We went along the towpath, up and over a bridge and around a street route to Morrisons. A quick zip around the shop and a pot of yogurt bought, we were off again on the return trip. It seems that we were then downwind of Alan and Howard as Loki’s nose shot up in some frantic sniffing. He was then quite distracted, trying desperately to look back over his shoulders to find his pal Alan! I had to work hard to get him to go ‘Forward’ and ‘Straight on’, but we made it and, after a bit of coaxing, he got back into stride and guided me superbly on the route back to ‘Find home’.
This extra person visit is normal procedure during training; an assessment of progress. We were congratulated on how well we are doing! That is so reassuring! Loki truly is a diamond-class dog! I am hugely blessed and privileged to be partnered with him.

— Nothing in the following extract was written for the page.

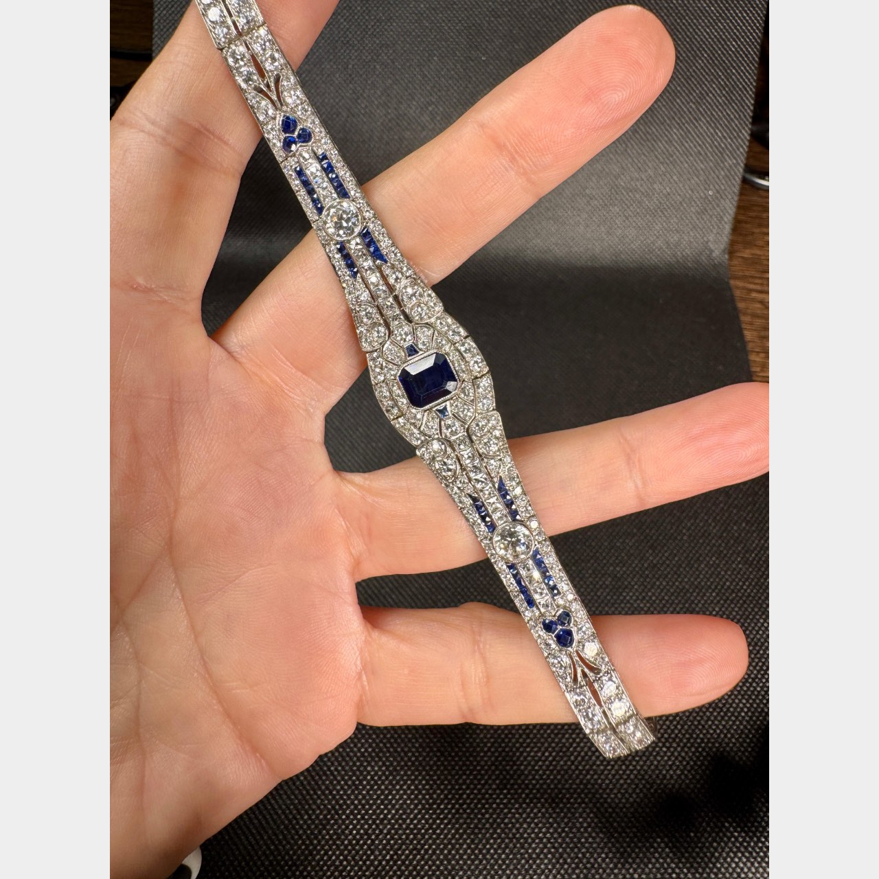 OSCAR HEYMAN Art Deco Platinum Sapphire & Diamond BraceletWeighing 35.6 grams
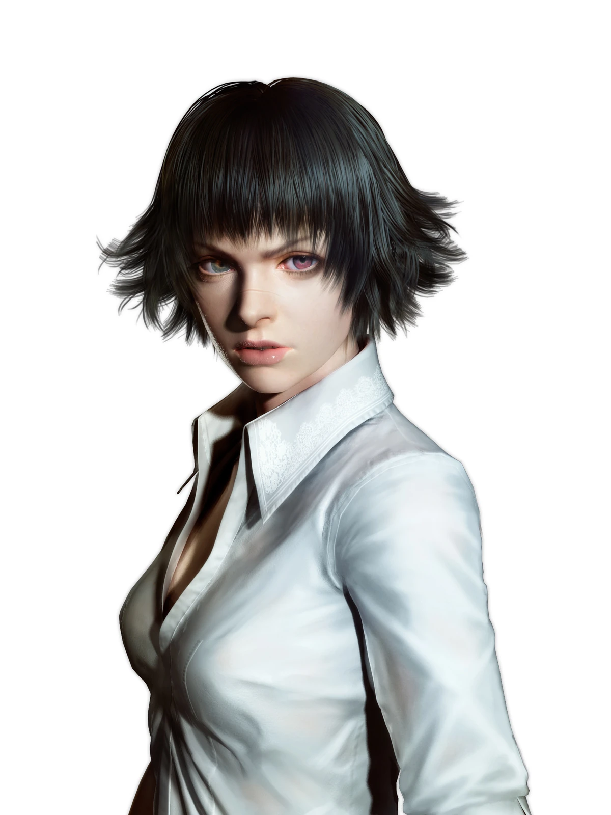 Not long ago, a few weeks at most, I was cleaning up my office and arranging my books. I have pretty healthy DMC section and while moving them I opened one to a random page with interviews from the developers. In that random passage I flip to the developer was talking about how Lady was a character who had abandoned her femininity in DMC3 and in that moment something struck because suddenly some things made perfect sense to me. I made a connection and I realized something that now feels rather obvious: She cut off her own hair.

We are now at the beautiful Westport Lake moorings where we plan to stay for the Easter weekend. We will be setting up the Doggie Boat shop along the side of the boat. This will be our first open trading session of the year, and, apart from a quick ‘pop up’ shop in Crick in September, the first since the couple of arranged floating mini-markets back in the break between lockdowns. It will hopefully be a pleasant chill-out time for the dogs. We are very much looking forward to meeting, greeting and serving any passing dog-loving folk. All appropriately socially distanced and hand-sanitized of course!
We will then continue our journey to Whitchurch over the next couple of weeks. Alan will catch up with us along the way to continue the training. Then, when we arrive, he will hopefully complete the training with the necessary but dreaded traffic hazards and a few other details that need to be covered.